The Foreign Investment in Real Property Tax Act (better known as FIRPTA) is a federal law that imposes a tax on “foreign” sellers of real estate located in this country. The tax is generally 15% of the sale price.

Through escrow and the closing agent, the sale process does a good job of making sure every buyer and seller comply with this law. But it is always a good idea to appreciate and understand any tax obligation. This is particularly true for buyers, because they can be left holding the bag.

FIRPTA is a tax on sellers…

In the United States, anyone, including foreigners, can purchase and own real estate. Other countries, like Mexico, are more complicated. However, foreign owners here aren’t exactly treated equally, either. In the U.S., an additional tax is imposed on a foreign owner when they sell their real property. FIRPTA became law in 1980.

…paid by buyers?

The law requires the buyer to determine whether the seller is a “foreign person.” That term has a unique meaning in FIRPTA, and essentially means a non-resident foreign person, or a foreign legal entity. If the seller is a “foreign person,” then the buyer is responsible for withholding the tax due, and forwarding it to the IRS. If the buyer fails to do so… then the buyer owes the tax! Ouch!!!

Escrow takes care of the details.

Part of the law allows for the closing agent to make sure the required paperwork is signed and completed. If the seller does owe the tax, the closing agent can collect it at closing and forward it to the IRS on the buyer’s behalf. And that is exactly what routinely happens.

But not without a little kerfuffle! These days, most escrow instructions say that the closing agent won’t do anything about FIRPTA. Which would actually be a giant problem, because it could be hard for a buyer to determine whether the seller was a “foreign person.” And then sending 15% of the money to the IRS? What if the seller disagrees? What a mess!

Thankfully, any good form contract (including the NWMLS version, and the FSBOLawyers.org version) includes a FIRPTA term. As set forth in our contract:

FIRPTA requires a buyer of real property to determine whether the seller is a “foreign person” (essentially a non-resident foreigner or foreign entity). If Seller is a foreign person, then Buyer may be responsible for withholding the tax due. 

SELLER CERTIFICATION. Seller certifies and warrants the following (each Seller must INITIAL ONE):

____ I AM NOT / ____ I AM a foreign person or entity.

____ I AM NOT / ____ I AM a foreign person or entity.

If Seller is not a foreign person or entity, then Seller will execute and deliver to Closing Agent before Closing a FIRPTA Certification confirming Seller’s non-foreign status. If Seller is a foreign person or entity, and this transaction is not otherwise exempt from FIRPTA, then Closing Agent will ensure compliance, including withholding and paying the required amount due the Internal Revenue Service.

The NWMLS contract has similar language. And the law is clear: If there is a conflict between a contract and the escrow instructions, the contract prevails. So, as long as the contract includes a FIRPTA term, the closing agent is responsible for making sure the term is satisfied.

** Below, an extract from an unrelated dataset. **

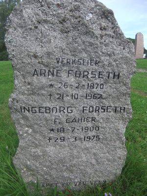 Ingeborg Forseth (født Cahier 18. juli 1900, død 29. mars 1975 på Nesbyen) var datter av den svenske godseieren Charles Cahier og Thyra f. Birg. 28. april 1922 ble hun gift med den 30 år eldre Arne Forseth, direktør i Christiania Glasmagasin. Bryllupet sto i Landsberg am Lech, Bayern i Tyskland.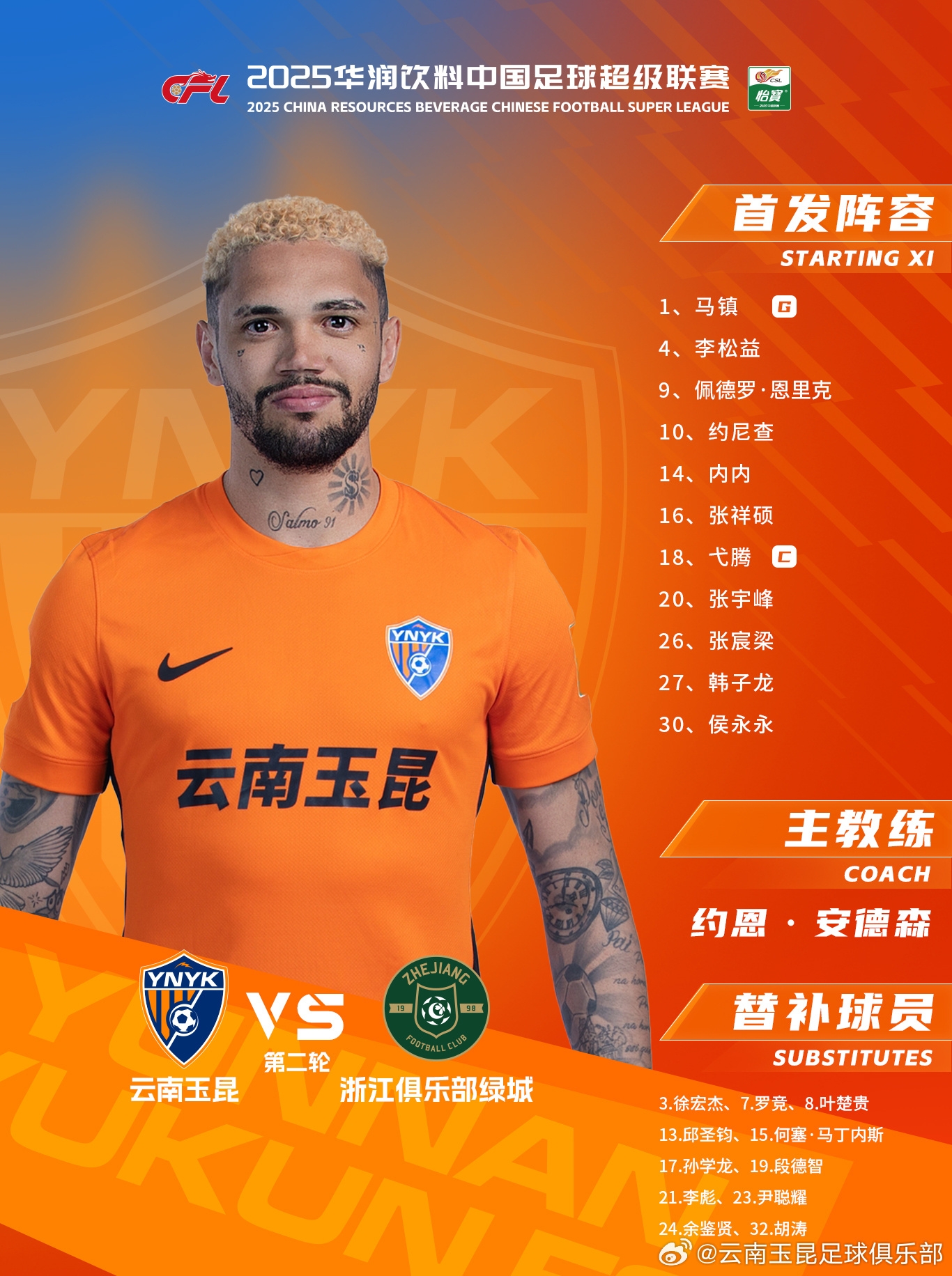 云南玉昆vs浙江俱樂部綠城 本場比賽名單出爐,恩里克與張宇峰迎來加盟后第一次首發(fā),弋騰復出帶上隊長袖標

You may need a FIRPTA Certification.

Due to a conflict in federal and state regulations over who is qualified to prepare legal and tax documents, some closing agents are unwilling to prepare the FIRPTA Certification that is required from a seller. As a result, good form contracts impose on the seller the obligation to provide the certificate to the closing agent. NWMLS Form 22E FIRPTA Certification can be used for this purpose, as can our FSBOLawyers.org version.

However, many closing agents are willing to take care of it, notwithstanding their escrow instructions to the contrary. In any event, the closing agent has a separate obligation to record the seller’s social security number, and report the sale. If the seller doesn’t have a social security number, then the seller is likely a “foreign person.”

At that point, the closing agent cannot “miss it.” It is difficult for this issue to “slip through the cracks” such that the buyer ends up owing the IRS.

But like the Romans said, “Buyer beware!”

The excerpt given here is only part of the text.